Two companies that top a list of worse-than-average complaint records in 2009 are being investigated by the Texas Department of Insurance. The Dallas Morning News reports on its analysis of department figures. Complaints against Loya Insurance and Old American County Mutual included delays in processing claims, unsatisfactory offers or settlements, denial of claims and liability issues. Loya Vice President Edgar Meza says many complaints involve market value of vehicles and coverage. Meza says complaints against Loya are down this year and the company takes such complaints seriously. Dallas-based Old American County Mutual had a complaint index more than three times worse than a typical company. Old American did not immediately comment.

The latest version of Microsoft’s Office software is now available to consumers and small businesses. The most basic bundle of Word, Excel, Powerpoint and OneNote, called Office Home and Student 2010, will cost $150. The programs can be installed on as many as three home computers. There are more expensive versions that include the Outlook e-mail program and one that adds Publisher, a desktop publishing program, and Access, a database. For the first time, Microsoft is also launching free Web-based versions of the four core Office programs. They will have fewer features than the desktop software.
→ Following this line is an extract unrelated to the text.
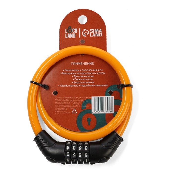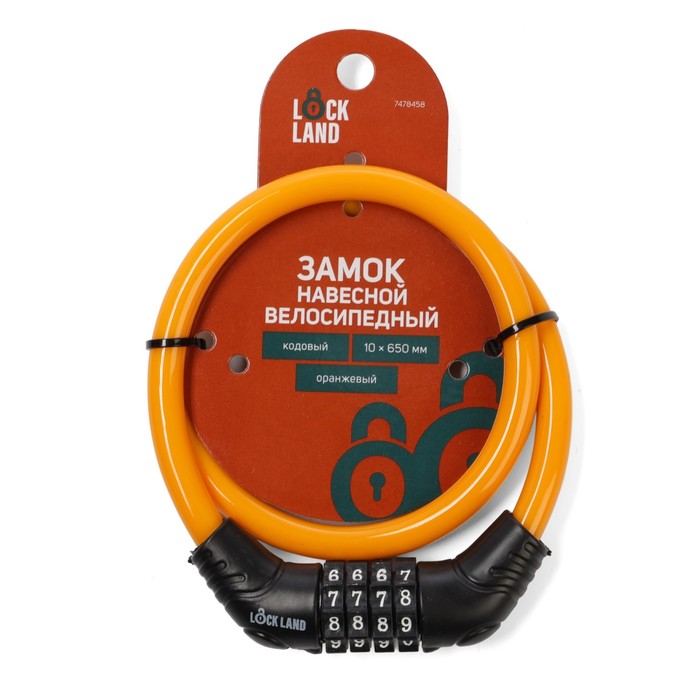 Замок навесной велосипедный LOCKLAND, кодовый, 10х650 мм, цвет оранжевый — Характеристики

American Airlines expects second-quarter unit revenue to rise between 16.5 percent and 17.5 percent from a year earlier. The airline said in a Securities and Exchange Commission filing that revenue from cargo and other services will rise between 11.8 and 12.8 percent compared with the second-quarter of 2009. Parent AMR expects to end the second quarter with a cash and short-term investment balance of approximately $5.5 billion.